Moments after Nicola Kalinic unintentionally glanced a header past Gigio Donnarumma to give Juventus a four-goal lead in the Coppa Italia Final, a shot of Milan Coach Gennaro Gattuso flashed across the television screen.
He was standing on the touchline, hands on hips, looking utterly crestfallen. It’s impossible to know what was going through his mind, but to hazard a guess, it must’ve been something along the lines of “How can anyone topple this?”
It’s a sentiment that’s echoed by millions of fans around the Peninsula and further afield. How can anyone stop this all-conquering machine that The Old Lady has morphed into over the last seven years? With four Coppa Italias, seven league titles in a row, four consecutive domestic doubles, and financial muscle that leaves all would-be challengers eating dust. If Juve were a superhero, they’d be Thanos from the latest Avengers movie.
It’s a dynasty never before witnessed in Italian football, in statistical terms surpassing everything that’s come before them: the mythical Il Grande Torino, Arrigo Sacchi’s Milan, Maradona’s Napoli, the Inter of Roberto Mancini and Jose Mourinho, and even the Juve sides of Giovanni Trapattoni and Marcello Lippi all pale in comparison. The longevity of their dominance is staggering.
What has been lost by many, or willfully ignored - be they fans of rival teams or onlookers who merely see Juve racking up titles like they’re going out of fashion - in the narrative of this Juve-dominated landscape is that their success isn’t fuelled by Qatari or Emirati petrodollars, or by a Russian oligarch or an American conglomerate.

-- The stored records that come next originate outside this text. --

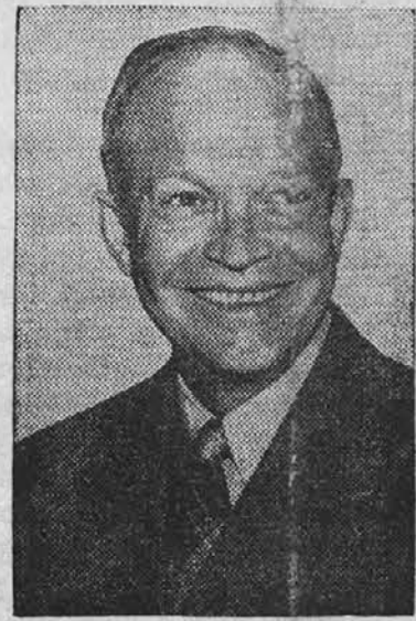
Dwight D. Eisenhower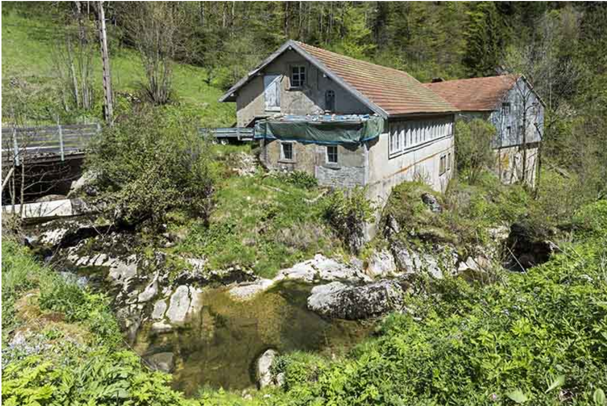
Usine et ancien moulin, depuis le sud.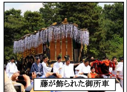
藤が飾られた御所車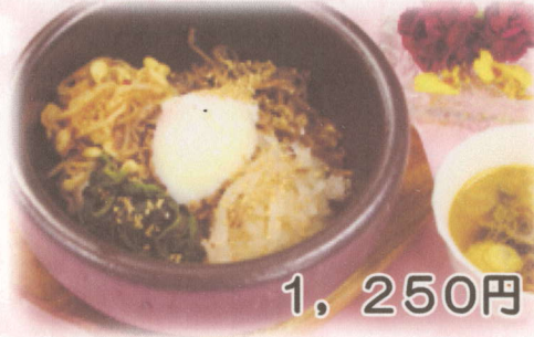
石焼ビビンバ (スープ・デザート付)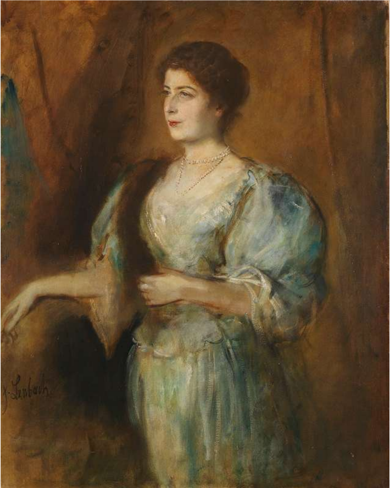
Porträt einer Dame mit Perlenkette und Pelzstola (1900)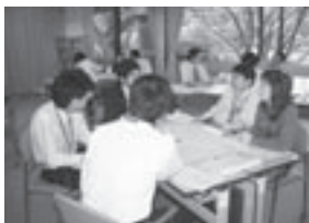
若者定住化促進検討 プロジェクト

Their success can be put down to shrewd, strategic planning, forward thinking and perhaps most crucially, all boats rowing in the same direction. They’re the antithesis to the way PSG rode roughshod over Ligue 1. Juve have earned this supremacy.

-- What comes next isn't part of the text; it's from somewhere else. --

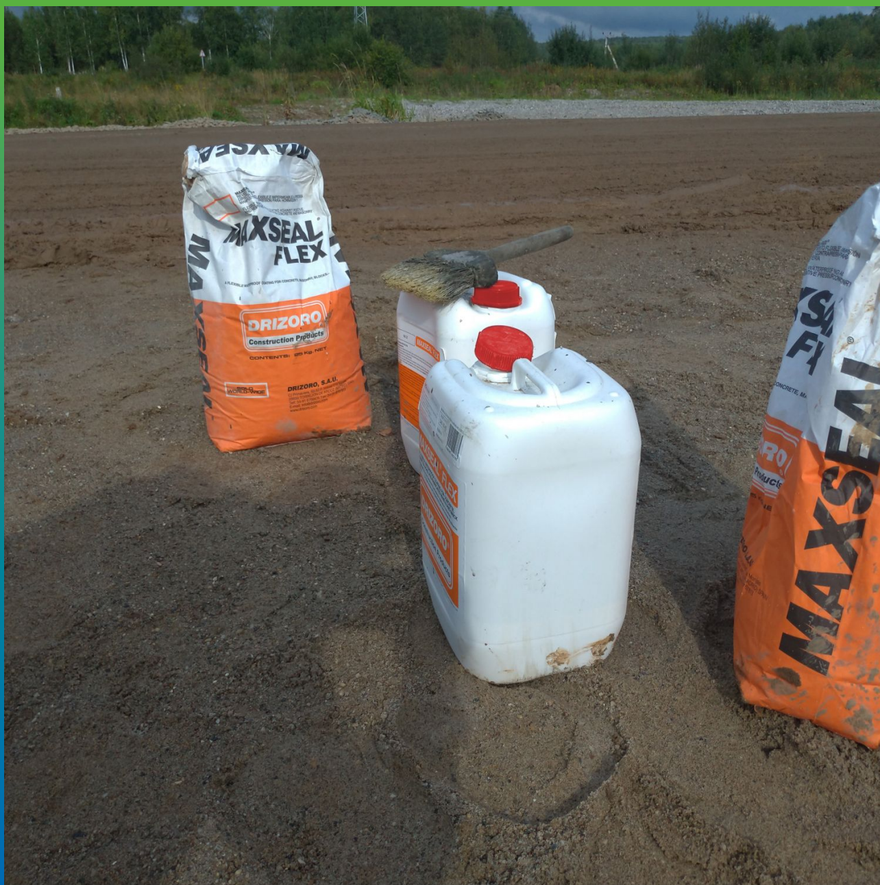
Материал Макссил Флекс на объекте

What has set Juve apart from everyone else in Serie A has been the sheer level of organisation within the structure of the club. To be a little more specific, the proficiency at the top of the sporting hierarchy, from club President Andrea Agnelli down to general manager Beppe Marotta to sporting director Fabio Paratici, they all sing from the same hymn sheet.
It might sound absurdly simple and rather logical, but the trio all work together, along with first Antonio Conte and later Max Allegri, to work out a financial budget and identify transfer targets at the end of the season for the following campaign. Hardly rocket science.

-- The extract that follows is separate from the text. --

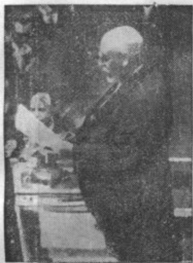
Pretekli torek je francosko narodno predstavništvo priredilo svečano manifestacijo francosko-jugoslovenskega zaveznitva. V parlamentu je imel spominski govor o Viteškem kralju Aleksandru I. Zedinitelju predsednik parlamenta g. Ferdinand Bouisson.

Maurizio Sarri constantly bemoaned the strength in depth of the Juve squad throughout the season. Whilst it’s true Juve are now in a position to spend €90m on two wingers, it must be remembered this wasn’t always the case.
Cast your mind back to the summer of 2011. Milan had just won the Serie A title and Juve had finished seventh for the second consecutive season, and revenues were down to €150m. Club owners Fiat issued Juve a €100m loan to reboot the franchise, so to speak, in a bid to regain their position in the upper echelons of the league. Their most expensive signing was Mirko Vucinic for €15m, but their most important was Andrea Pirlo, who cost nothing.
Milan spent twice that amount last summer, and failed miserably at even cracking the top four, let alone challenge for the league. They signed Leo Bonucci from Juve for €42m, a figure the Bianconeri wouldn’t reach until signing Paulo Dybala in the summer of 2015, after four consecutive titles.
Inter spent just shy of €90m on Stevan Jovetic, Joao Mario and Gabigol less than two years ago, and none of them currently reside in Milan. Money is not the issue, being intelligent with its usage is.
Surveying the decimated Italian football scene, who’s in a position to dethrone The Old Lady? It makes for a depressing sight. Roma and Napoli in recent times have tried and failed – the latter admirably so – ultimately flying too close to the sun before getting burned. The two Milanese giants stagger from one disastrous season to the next, each taking turns in outdoing each other on the embarrassment scale. The city of Milan hasn’t seen Champions League football for the better part of five years, and both look aeons away from a serious title tilt.
What we are left with is one club that’s pulling further and further away financially, which in turn consigns everyone else to also-rans. Calcio’s best hope is for Roma and Napoli to build on, rather than dismantle, all of the good work that was achieved this season. Yet Roma still may not be out of the entangled web of FFP, and you get the sense that the Sarri era at the San Paolo is reaching the endgame, with players also leaving in tow.
One would be very brave to bet against the Bianconeri winning a fifth domestic double next season on Betting Sites. With rumours swirling around Turin of a mini purge of the squad in order to keep Allegri on the Juve bench, they could well be stronger than ever in 2018-19.
There’s always the relegation battle to look forward to.